I like to imagine that representative samples of my books appreciate accompanying me into the woods. So far, none has complained nor groaned!

McDowell

 

All three of my books (Nature Based Leadership; Nature-Inspired Learning and Leading; Weaned Seals and Snowy Summits) present compilations of personal experiences expressing my (and co-author Dr. Wilhoit for Weaned Seals and Snowy Summits) deep passion for Nature. All three books offer observations and reflections on my relationship to the natural world… and the broader implications for society.
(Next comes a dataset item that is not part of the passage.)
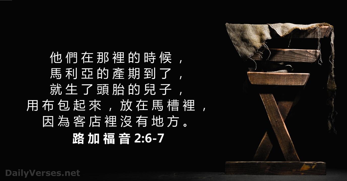 今日经文:“他们在那里的时候,马利亚的产期到了。就生了头胎的儿子,用布包起来,放在马槽里,因为客店里没有地方。”(路加福音2:6–7)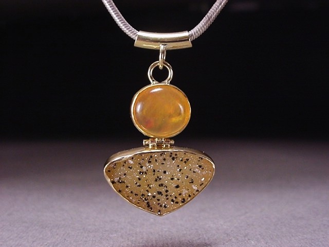 Beautiful fiery Mexican opal shows strong green and red fire and is 4.4 cts. The bottom stone is a peppery quartz druzy. 18k gold and 22k gold settings. Comes on a 20" sterling snake chain. Ask for availability and price on a similar chains in 14 or 18k gold.

Order any and all from your local indie bookstore, or find them on IndieBound or other online sources such as Amazon and LifeRich.

 

Back to Camp McDowell

I returned to Camp McDowell and Conference Center December 19-20, 2019 following a year’s absence and two prior Posts:

  • http://stevejonesgbh.com/2018/11/27/mid-november-camp-mcdowell-land-legacy-orientation/
  • http://stevejonesgbh.com/2019/01/08/mid-november-skies-at-camp-mcdowell/

On the recent December trip I focused on completing plans for conducting a comprehensive Land Legacy Story for McDowell. Published books and internal documents already chronicle the Human History of the Camp since its 1946 establishment. My volunteer project will develop and publish the corresponding Natural History for the Camp’s 1,138 acres. My purpose with this Post, in large part and in full disclosure, is to help me gather my thoughts for the full-blown data-gathering and story-drafting that I will undertake beginning in mid-January.

McDowell

 

The McDowell Environmental Education Center Mission guides and informs this project: To connect people to their environment, teach respect for the Earth and its beings, and to promote a commitment to lifelong learning. I will prepare the Land Legacy Story to meet the objectives of and beyond the Environmental Education Center… for the Camp, Farm School, Folk School, and Conference Center. Environmental education and our relationship to our Earth home is critical to all Earth citizens and their obligation to be informed and responsible Earth stewards.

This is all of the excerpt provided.